Referring back to FIG. 5, the piezoelectric sensor 5 is substantially flat in shape. To mate with the sensor 5, the plunger 3 has a rear planar surface attached to a front planar surface of the piezoelectric sensor 5. And the backing plate 4 has a front planar surface attached to the rear planar surface of the piezoelectric sensor 5. Unlike other types of pressure sensors, the piezoelectric sensor 5 employed in this present invention has at least the benefit in that the torque wrench 100 can be made simple and compact.

Referring now to FIG. 7, there is shown an alternate embodiment 200. Embodiment 200 is similar to embodiment 100, except that a backing plate 4a is provided in lieu of the aforementioned backing plate 4. The backing plate 4a defines in a front surface a recess 41 to receive and protect the piezoelectric sensor 5 for smooth displacement within the wrench body 2.

As described above, since the spring force of the coil spring 6 is reflected by the piezoelectric sensor 5 in real time, no calibration will be needed to correct the effect of the spring's characteristics and mechanical wear that occurs over time.

Claims

1. A torque wrench, comprising: an elongated, tubular wrench body with front and rear ends;a wrench head having a drive portion constructed to be removably engaged with a workpiece, and a bar extending from the drive portion into the front end of the wrench body; wherein the wrench head and the wrench body are pivotally connected for pivotal movement relative to one another about a pivot joint;a plunger slidably movable within the wrench body;a pawl within the wrench body between the bar and the plunger;a spring disposed within the wrench body and mounted rearwardly of the plunger for urging the plunger and in turn the pawl against a rear end of the bar;an adjustment assembly in the rear end of the wrench body and operatively connected to the spring to vary an effective force of the spring on the plunger;a piezoelectric sensor interposed in between the plunger and the spring for producing an output signal in response to the effective force exerted by the spring;a processor for converting the output signal into an equivalent torque value, the equivalent torque value indicating a preset torque to be applied by the torque wrench to the workpiece; anda display for displaying the equivalent torque value;wherein application of a torque greater than the preset torque to the workpiece causes the wrench head to pivot relative to the wrench body about the pivot joint.

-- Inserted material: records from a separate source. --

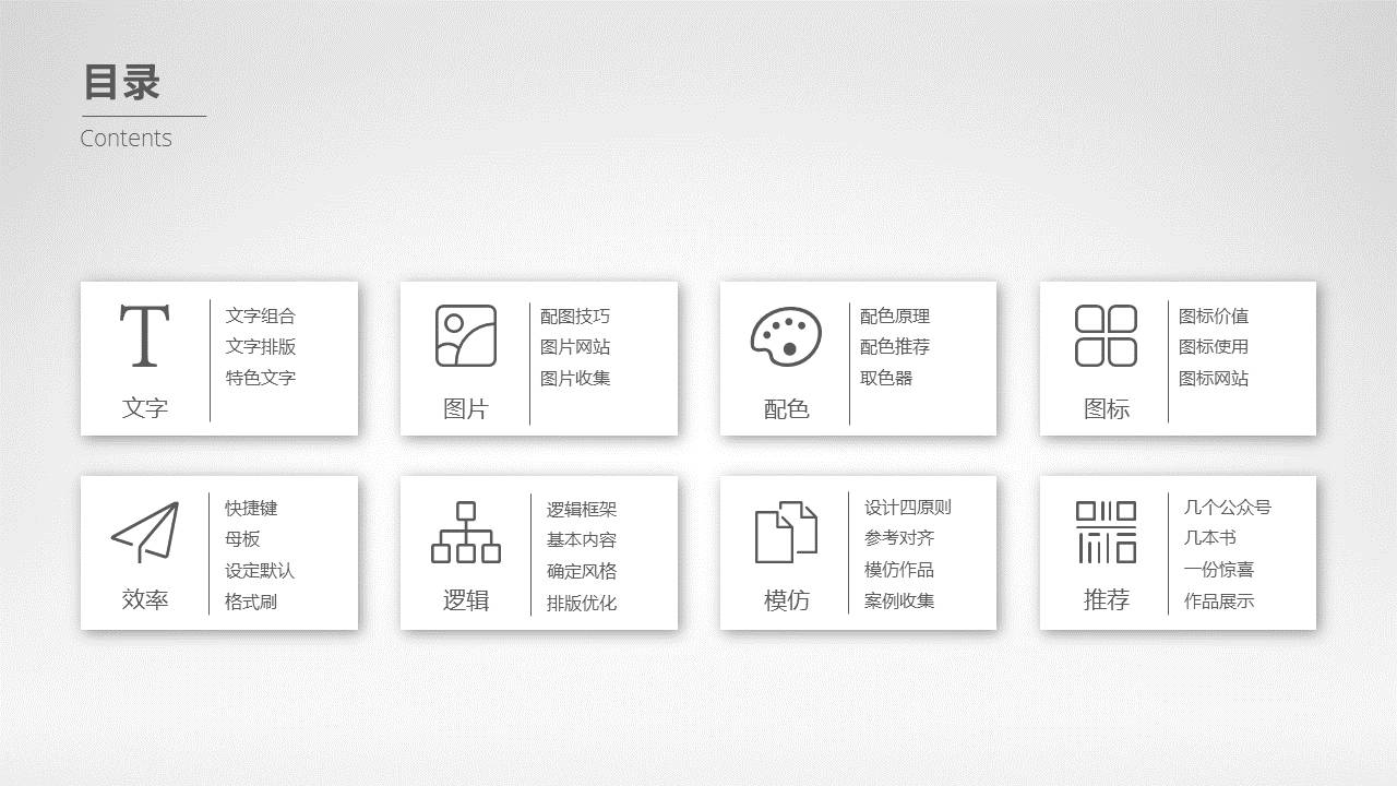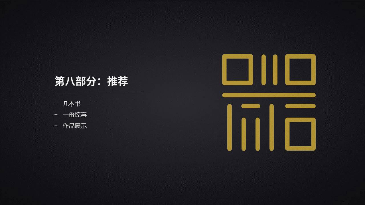 除了书,多看一些作品,也是很有帮助的。能够帮你内化一些书中的理论知识,所以,推荐一些常见的幻灯片类型: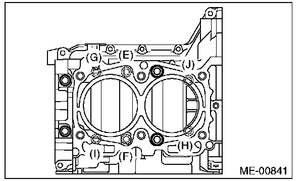 10) Tighten the RH side cylinder block connecting bolts (E - J) further in alphabetical order.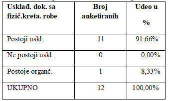 Na anketno pitanje da li u anketiranim preduzećima postoji usklađenosti dokumentacije sa fizičkim kretanjem robe došlo se do sledećih pokazatelja: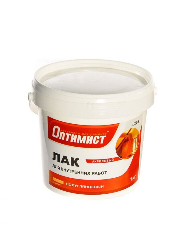 Лак Оптимист, L208, полуглянцевый, акриловый, бесцветный, для внутренних и наружных работ, 0.9 кг

2. A torque wrench as recited in claim 1, wherein the plunger has a rear planar surface; and the piezoelectric sensor is substantially flat and has a front planar surface attached to the rear planar surface of the plunger.

3. A torque wrench as recited in claim 2, further comprising a backing plate interposed in between the piezoelectric sensor and the spring.

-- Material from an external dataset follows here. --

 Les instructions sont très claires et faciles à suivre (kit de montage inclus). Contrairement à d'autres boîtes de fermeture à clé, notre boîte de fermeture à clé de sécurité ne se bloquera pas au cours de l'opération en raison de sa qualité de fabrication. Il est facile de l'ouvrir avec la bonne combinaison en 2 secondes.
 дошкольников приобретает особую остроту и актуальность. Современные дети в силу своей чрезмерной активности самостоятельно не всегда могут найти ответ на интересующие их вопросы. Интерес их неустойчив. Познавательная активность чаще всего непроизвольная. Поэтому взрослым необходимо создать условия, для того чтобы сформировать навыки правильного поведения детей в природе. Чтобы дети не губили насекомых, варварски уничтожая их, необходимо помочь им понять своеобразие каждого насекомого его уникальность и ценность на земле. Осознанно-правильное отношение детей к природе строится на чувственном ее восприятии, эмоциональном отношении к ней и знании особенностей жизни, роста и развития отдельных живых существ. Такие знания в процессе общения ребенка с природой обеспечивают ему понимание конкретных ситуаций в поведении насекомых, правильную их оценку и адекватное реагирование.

4. A torque wrench as recited in claim 3, wherein the backing plate has a front planar surface; and the piezoelectric sensor has a rear planar surface attached to the front planar surface of the backing plate.

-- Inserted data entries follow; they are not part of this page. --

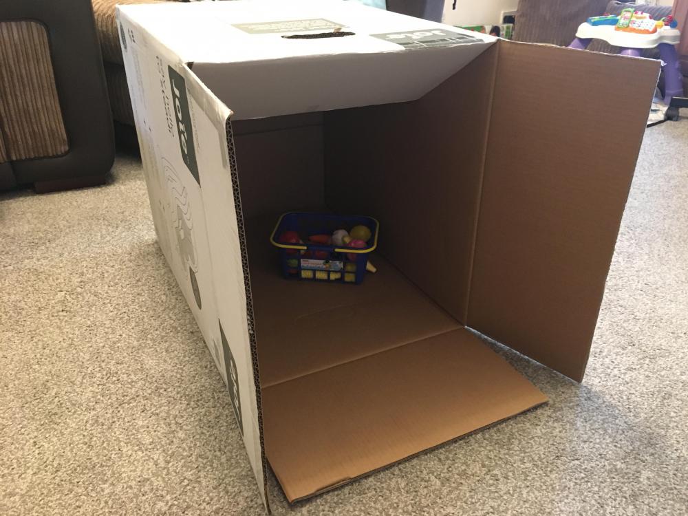 This is an activity that we have trialled recently, Theo is now 11 months old. Theo was tired one evening and I decided to try something different – we all know what babies are like, when they haven’t had an afternoon nap. I was hiding in the box and we ended up playing peekaboo, which Theo loves, he couldn’t stop laughing. There was a hole in our box so I kept putting my hand through, which again Theo found hilarious. He then started putting his hand through and posting different items through it.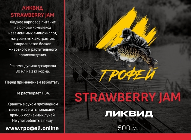 Ликвид Strawberry Jam — специализированная жидкая добавка для рыбалки, предназначенная для усиления привлекательности приманок и прикормок. Она обладает насыщенным ароматом клубничного джема, который привлекает карпа и других рыб семейства карповых. Продукт используется для пропитки бойлов, пеллетса, зерновых смесей и сыпучих прикормок, а также для создания влажных смесей с ПВА-материалами. Эффективен круглый год. Основные характеристики: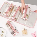 This makeup bag is a game-changer for travel! The 4-in-1 foldable design is genius, with detachable compartments that keep everything organized. The waterproof leather feels premium, and the clear pockets make finding products a breeze. Love how it rolls up neatly but still holds so much. Perfect size for toiletries or makeup, and the pink color is adorable. Super practical with the hanging hook—no more digging through my luggage! Arrived quickly and looks even better in person. Highly recommend for anyone who loves staying organized on the go!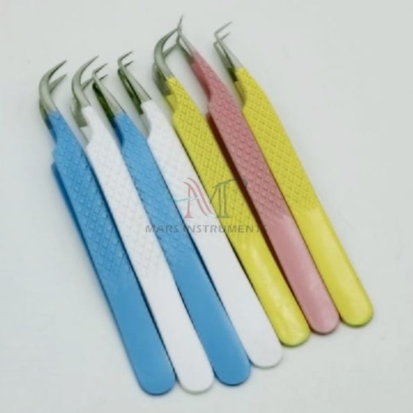 แหนบต่อขนตาสแตนเลสแบบด้ามจับเพชรปลายแหลมอุปกรณ์ต่อขนตาแบบยั่งยืน

5. A torque wrench as recited in claim 3, wherein the backing plate defines in a front surface a recess to receive the piezoelectric sensor.

6. A torque wrench as recited in claim 1, wherein the pawl is substantially cube-shaped and is disposed between a rear surface of the bar and a front surface of the plunger; and the rear surface of the bar and the front surface of the plunger are slightly recessed to receive the pawl.

7. A torque wrench as recited in claim 1, wherein the adjustment assembly includes a drive screw formed with a pushing head abutting against the spring.